Existe una forma particular de soledad que solo puede experimentarse en compañía: la soledad de quien finge creer una mentira mientras observa al otro fingir que dice la verdad. En los territorios del deseo, hemos perfeccionado esta danza hasta convertirla en nuestra coreografía más íntima.
Él dice palabras que suenan a compromiso mientras su cuerpo declara otra cosa. Ella escucha esas palabras sabiendo que son apenas un protocolo necesario para acceder a territorios que ambos desean sin admitir. Entre ellos se teje un pacto silencioso: yo finjo que te creo, tú finges que dices la verdad, y así nos ahorramos la vergüenza de reconocer que ninguno de los dos está dispuesto a nombrar con honestidad lo que habita en el centro de este encuentro.
No es que seamos especialmente mentirosos. Es que hemos heredado un lenguaje roto para hablar del deseo, un diccionario en el que cada palabra significa algo distinto de lo que declara. “Quiero conocerte mejor” significa “quiero tu cuerpo esta noche”. “No busco nada serio” significa “no contigo, pero no quiero decírtelo así”. “Veamos cómo fluye” significa “mantengamos todas las puertas abiertas para huir cuando sea conveniente”.
La mentira que más daño hace no es la que uno dice, sino la que ambos sostienen. Porque cuando ella asiente ante sus palabras falsas, cuando él interpreta esa aceptación como complicidad genuina, lo que se establece no es una relación, sino un teatro donde ambos son actores conscientes de la farsa, pero ninguno puede abandonar el escenario sin admitir que sabía, desde siempre, que todo era una representación.

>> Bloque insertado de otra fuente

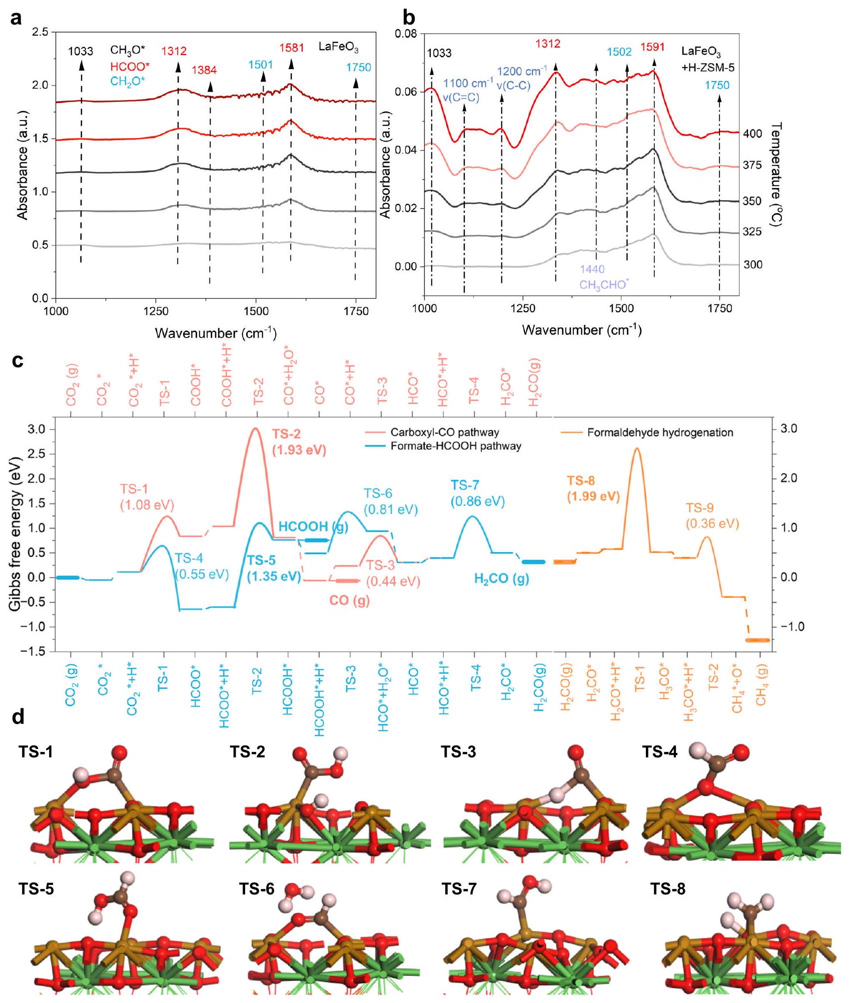 مُميز بخطوط أفقية عريضة. يمكن توضيح المنافسة بين إزالة الجزيئات والهيدروجين الإضافي في الحالات التي يكون فيها HCOOH الغازي ويُفترض أن تكون المواد المتفاعلة للهيدروجين اللاحق. هيكل حالات الانتقال d TS فوقخلالإلىالكرات باللون الأسود والأحمر والبني والأخضر تمثلوذرات اللانثانوم، على التوالي. مقيد بالخطوة الثانية من الهيدروجين، التي يجب أن تتجاوز حاجز تنشيط قدره 1.93 إلكترون فولت (TS-2) و1.35 إلكترون فولت (TS-5) لإنتاج و على التوالي. لذلك، فإن مسار الفورمات أكثر وصولاً من الناحية الحركية من مسار الكربوكسيل على يحتوي على (220)، وهو ما يتماشى مع الإشارات القوية لـ HCOO* (الموجودة حصريًا في مسار الفورمات) في قياسات DRIFTS في الموقع. مسار ثانوي يبدأ من الفورمات، وهو ما يسمى تتم الهدرجة عبر أكسيد الفورمالديهايد (تمت أيضًا دراسة ( ) ولكن هناك حاجز عالٍ يبلغ 2.02 إلكترون فولت (الشكل التكميلي 29).
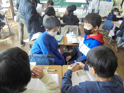 多目的室の中では、グループごとにヘッドホンを付けた友達と口の動きやジェスチャーで意思疎通を図る体験活動を行いました。いつもより大きく口を動かしたり、身振り手振りを加えながら大きな声を出したりし、自分の思いを相手に伝えようとする子供たちの姿が印象的でした。
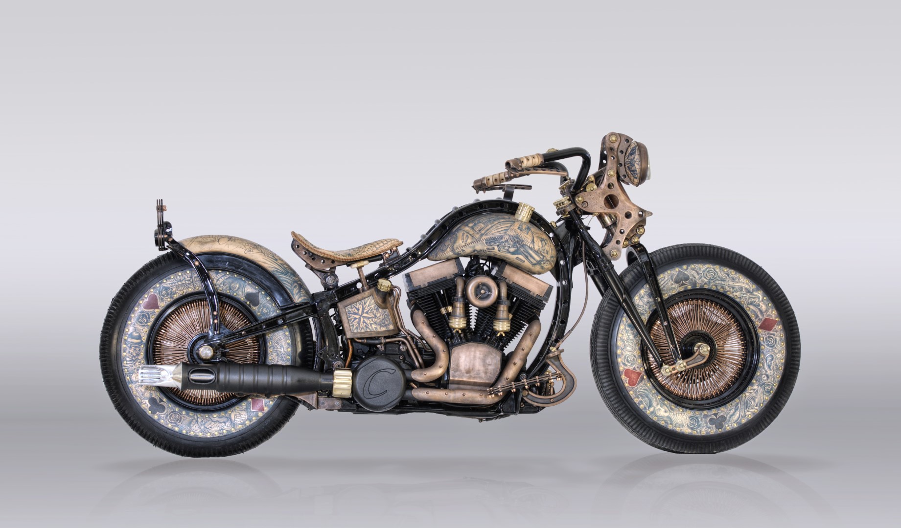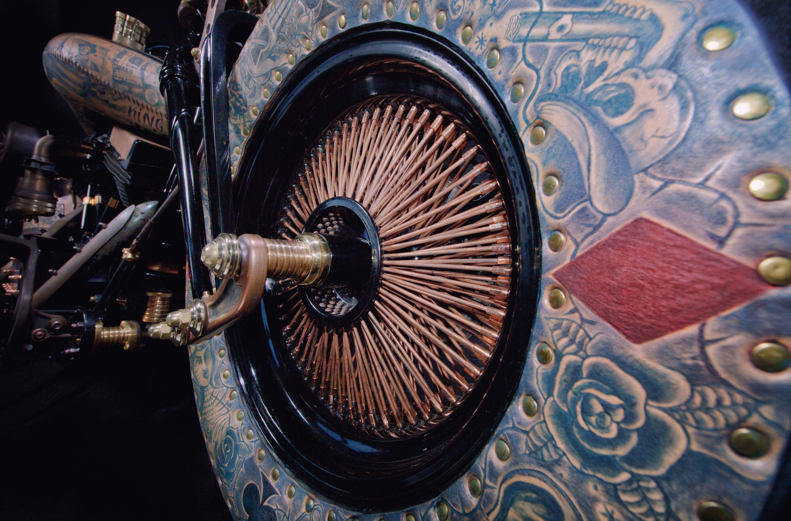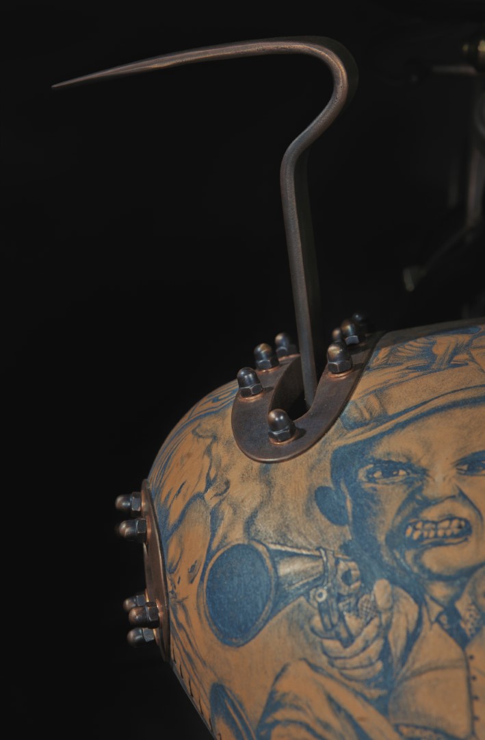 In short, this is a wonderful work of art. It’s interesting and different. Even if you don’t like it you have to acknowledge the craftsmanship and the time and effort that went into making the bike. According to Game Over Cycles, more than 3,000 hours went into the construction of the bike. Another 2,500 hours went into tattooing the leather on the creation.
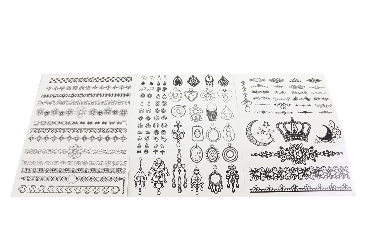 Objevte svět dočasného tetování a ozdob, které si můžete přizpůsobit přesně podle své nálady. Sada nabízí bohatý výběr motivů – od elegantních linek a řetízků až po korunky, měsíce a ornamenty – a barevné fixy pro dokreslení detailů. Třpytivé kamínky dodají každému motivu efektní lesk.
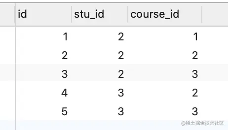 # 查询出一条数据,返回结果是Stu对象 stu = Stu.objects.filter(s_name='薛小磊').first() # 使用add方法往第三张表中添加三条和薛小磊关联的数据,`.course`是字段名 # 通过stu_id增加course_id,stu_id=2的学生,选了3门课,课程id是1,2,3 stu.course.add(1,2,3) # stu_id为3的学生,选了课程id是2,3的两门课 Stu.objects.get(pk=3).course.add(2,3) Stu.objects.get(pk=4).course.add(1,2) -
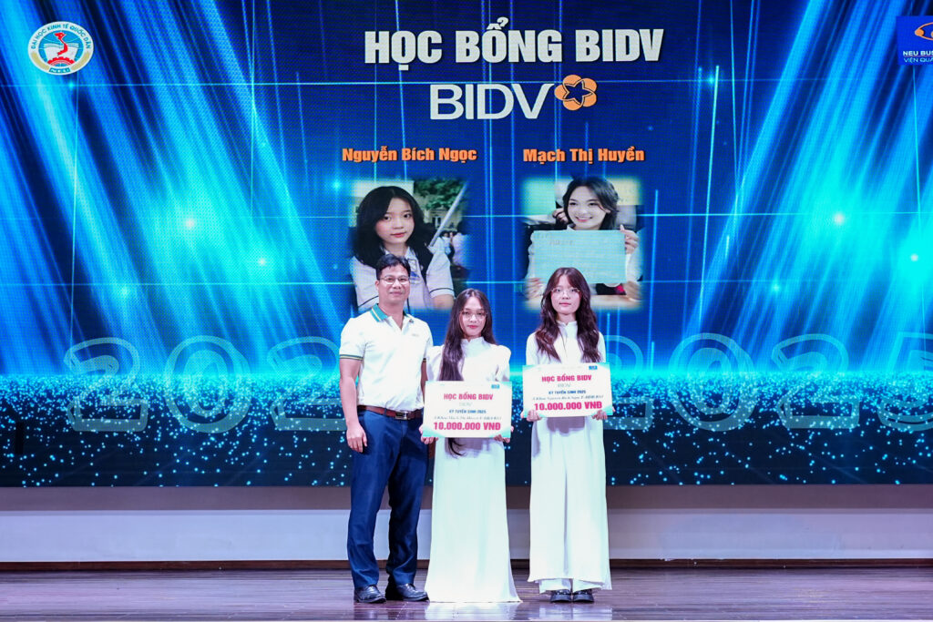 Ông Nguyễn Minh Tuấn – Đại diện Chi nhánh BIDV Đống Đa trao học bổng cho tân sinh viên Á khoa và sinh viên xuất sắc
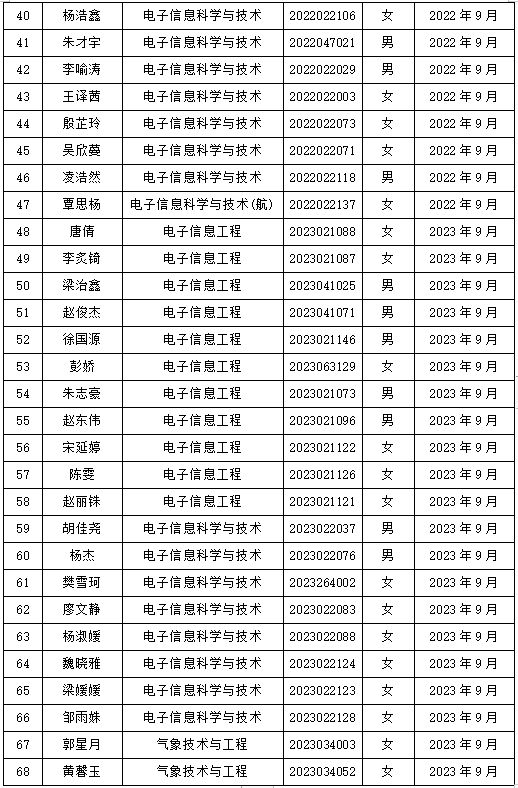 根据《william威廉中文关于评定2024 年国家励志奖学金、国家助学金的通知》(成信学字〔2024〕 7 号)文件要求, 2023-2024学年国家励志奖学金评定经学生个人申请,资格审查,专业年级评议小组评议,辅导员审核,学院集体审议,共推荐68名候选人参评学院国家励志奖学金,现将名单予以公示。如有问题,请于2024年10月14日-2024年10月16日反馈,联系人:曹老师,气象楼222,电话:85966498
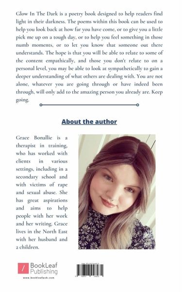 Glow In The Dark is a poetry book designed to help readers find light in their darkness. The poems within this book can be used to help you look back at how far you have come, or to give you a little pick me up on a tough day, or to help you feel something in those numb moments, or to let you know that someone out there understands. The hope is that you will be able to relate to some of the content empathically, and those you don't relate to on a personal level, you may be able to look at sympathetically to gain a deeper understanding of what others are dealing with. You are not alone, whatever you are going through or have indeed been through, will only add to the amazing person you already are. Keep going.
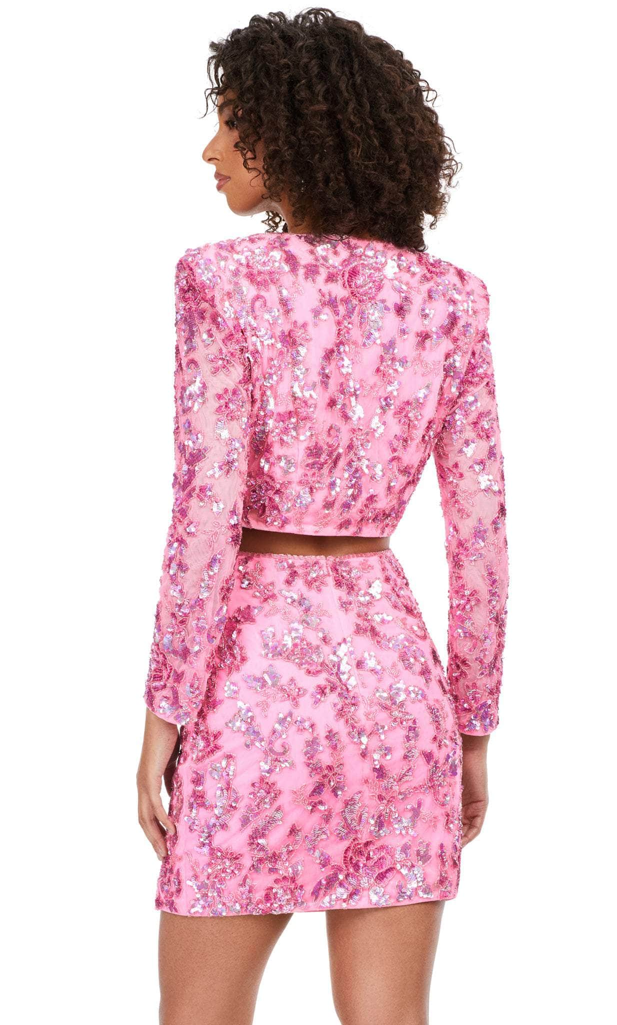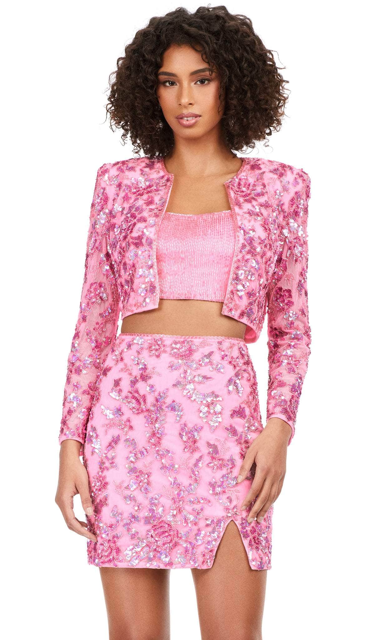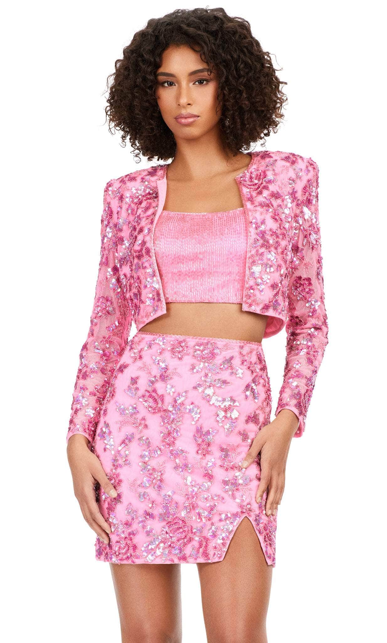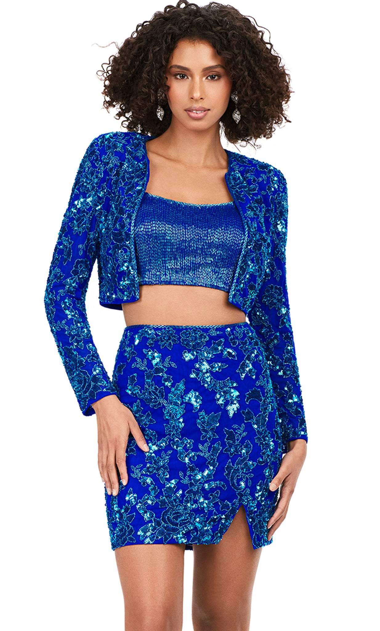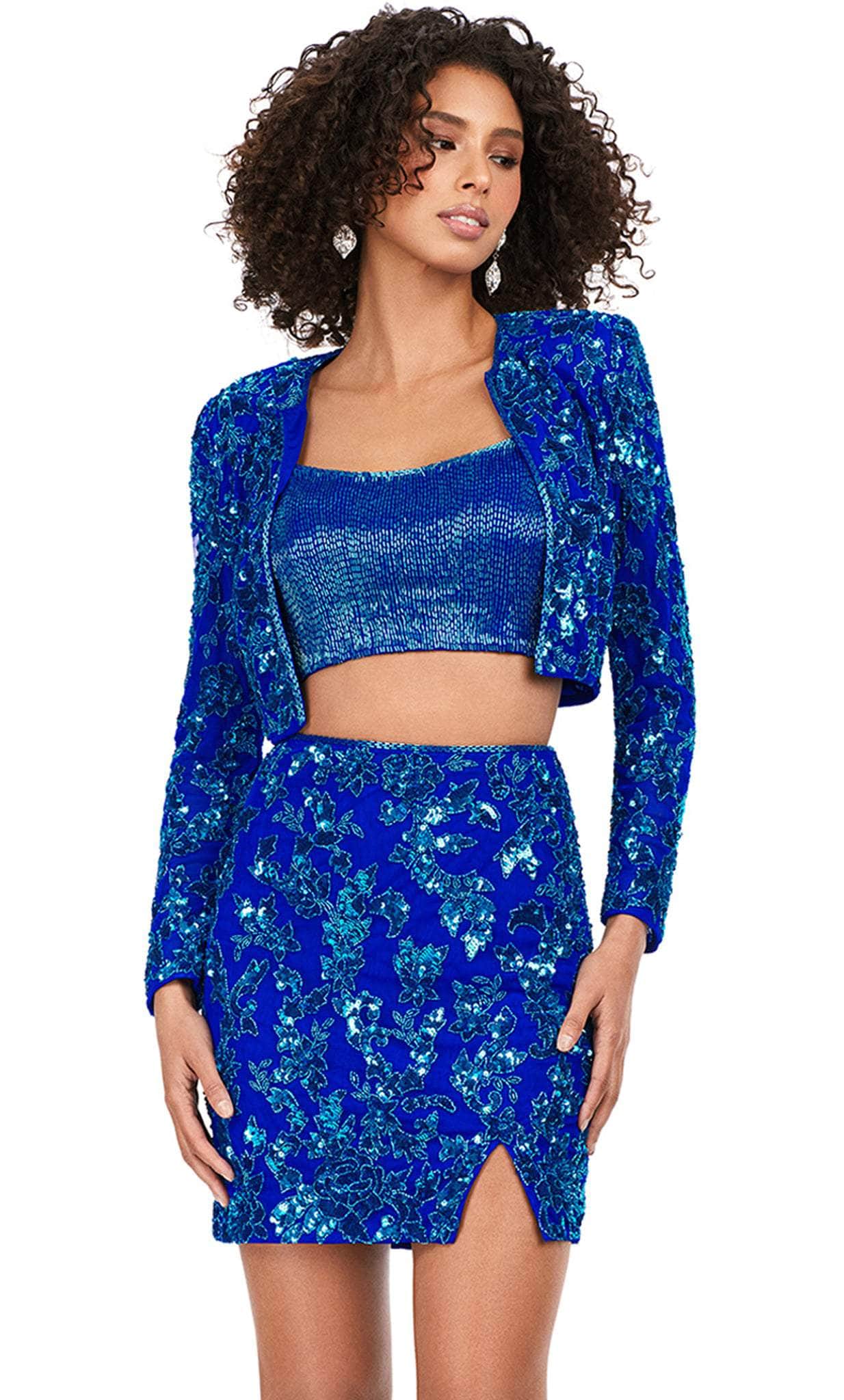Looking for a dress that will make you feel confident, stylish, and elegant? Look no further than the Ashley Lauren 4618 three-piece set. With its glamorous beadwork, long sleeve blazer, and fitted short-length skirt with a side slit, this dress is the epitome of chic and sophistication. The crop top inside features a flattering scoop neckline that accentuates your figure, making you feel confident and beautiful. This Ashley Lauren 4618 is sure to make you stand out from the crowd and leave a lasting impression. Models are wearing Candy Pink, Royal, Ivory, and Black colors.

Hemos construido una arquitectura completa de la intimidad basada en el supuesto de la mala fe del otro. Cada gesto se lee como estrategia, cada palabra se pesa en busca de la mentira oculta, cada silencio se interpreta como confirmación de nuestras peores sospechas. Y así, la desconfianza que aplicamos como protección termina por convirtirse en la profecía que cumplimos: si asumo que mentirás, te mentiré primero; si espero tu traición, te traicionaré antes.
En los espacios donde el deseo se negocia, hemos olvidado que alguna vez fue posible decir “me atraes” sin un manual de estrategias. Que alguna vez pudimos admitir la confusión sin que esa confesión se convirtiera en una debilidad que el otro explotaría. Que existió un tiempo en el que la vulnerabilidad no se experimentaba como estupidez que debía ocultarse, sino como condición necesaria para cualquier encuentro que mereciera llamarse humano.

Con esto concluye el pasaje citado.